These days it is modern to distribute software using container images. That’s actually required for stuff to run in Kubernetes. Previously I would release SMG as a simple tgz - you only need Java to run the application after unpacking the tgz.

However in order to use it effectively you need to install all the clients for services you want to monitor, stuff like a redis client, mysql client etc. In my view this shouldn’t be a big deal for companies actually running and relying on these services. But with the container concept I can actually bundle a lot of clients in the image and cover all use cases I care about. And its trivial to add more clients by creating a new image based on the base one and installing there.

So my “official” SMG image is quite “fat”. I think that’s a fine price to pay for the convenience and reliability you get. And in a Kubernetes environment I use SMG as my troubleshooting/“jump” pod. I get a shell there and can explore the in-cluster network and services having all the network service clients I need handy.

The image expects you to mount two directories - a config and a data dir, where the first would be managed externally (e.g. by Chef via generated configs) and the data dir is normally managed by SMG itself and that will include all timeseries data in the form of RRD files.

The CommonCommands plugin

In the mean time Covid came to us.
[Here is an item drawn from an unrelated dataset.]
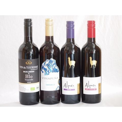 スペイン×チリ赤ワイン4本セット(ヴァンドゥツーリズム酸化防止剤無添加&Bioテンプラニーリョ(スペイン) ヴィニャペーニャ ライトボディ(スペイン) アルパカカルメネール(チリ) アルパカカベルネ・メルロー) 750ml×4本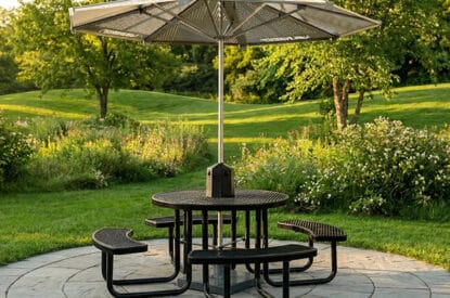 - Low maintenance, and highly durable 1 1/2″ stainless steel center post, with aluminum canopy. Minimum assembly required. Powder coated in a wide variety of options.

With limited travel and entertainment options I ended up having some time to optimize some stuff.

With the “plugin commands” I had implemented for my Scrape plugin and the ability to pass structured data (vs just the stdout string) from parent to child commands I realized that I could optimize a lot of my templates if i had some built-in “commands” replacing the need to use actual external command for parsing and outputting numbers. So I implemented the CommonCommands plugin.

Initially i would implement simple replacements for the common grep/cut/awk/sed bash stuff I was using to parse the parent stdout data and output the specific numbers we care about from it. After parsing the data would be kept in a convenient lookup format (a Map) so the leaf commands outputting data would only have to do a map lookup vs the same parsing for each instance.
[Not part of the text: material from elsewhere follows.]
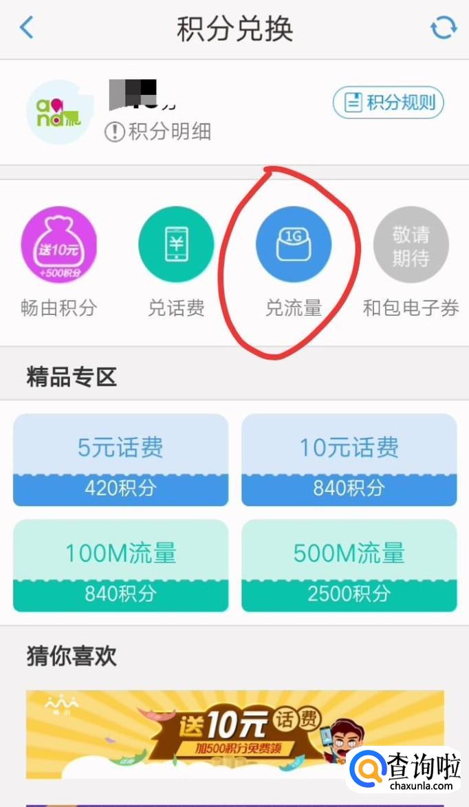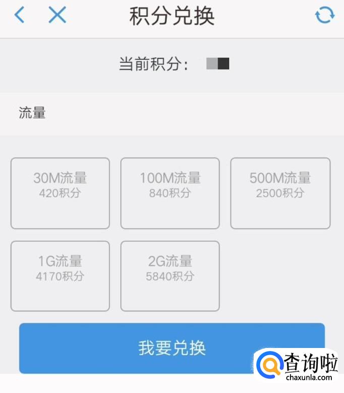 然后根据自己积分的额度兑换下面五个档次的流量即可。

Commands would look like that:

command: :cc _subcommand_ _params_...

Soon after I implemented native csv parsing support in that plugin which greatly helped improve my haproxy LBs stats monitoring throughput (to the point that I could drop a few dedicated to haproxy stats monitoring SMG instances).

Another useful sub-command would be the :cc rpn … sub-command. That can compute arbitrary expressions based on input values passed from a parent command as a list of numbers. The use case for that was to calculate the cache hit % from some CDN vendors providing separate “end-user” and “origin” traffic numbers and we wanted percentage.
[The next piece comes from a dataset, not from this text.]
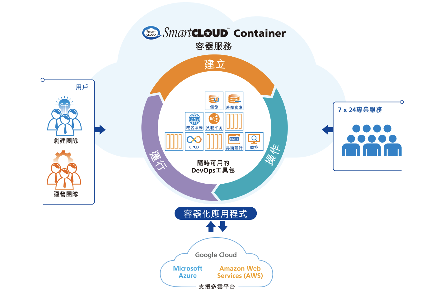 SmartCLOUD™ Container容器服務,是建立於產業標準及全面託管的平台即服務,有別於自建K8s繁瑣複雜的建構流程,SmartCLOUD™ Container容器服務提供多元的DevOps套件,開發員和管理員兩種介面,以及應用備份/恢復方案,協助企業能更快開發、部署應用程式,搭配便利的管理介面與7x24全天候容器託管服務,確保運作環境的安全保障。

This plugin is likely going to be extended a lot over time - the original “bash commands” concept is still perfectly fine to use at smaller scale and at larger scale any inefficiencies that come up with size can be addressed via a built-in “command”.

JMX Plugin revisited

I mentioned that my original JMX plugin implementation had some issues.

With the “plugin commands” concept I actually scrapped most of that and rewrote it from scratch. I could fit the JMX monitoring again with the parent/child commands pattern. The plugin would expose two commands - con and get:

command: :jmx con _host_:_port_
    command: :jmx get _host_:_port_ _jmx_path/value1_
    command: :jmx get _host_:_port_ _jmx_path/value2_
    ...

The “con” command would instruct the JMX Plugin to check if it already has alive connection to this host:port and if not - establish one. If that fails, the JMX server is likely down so that will result in FAILED state and the child commands will not be run at all.

The “get” commands will actually use that connection to retrieve values from the respective MBeans etc.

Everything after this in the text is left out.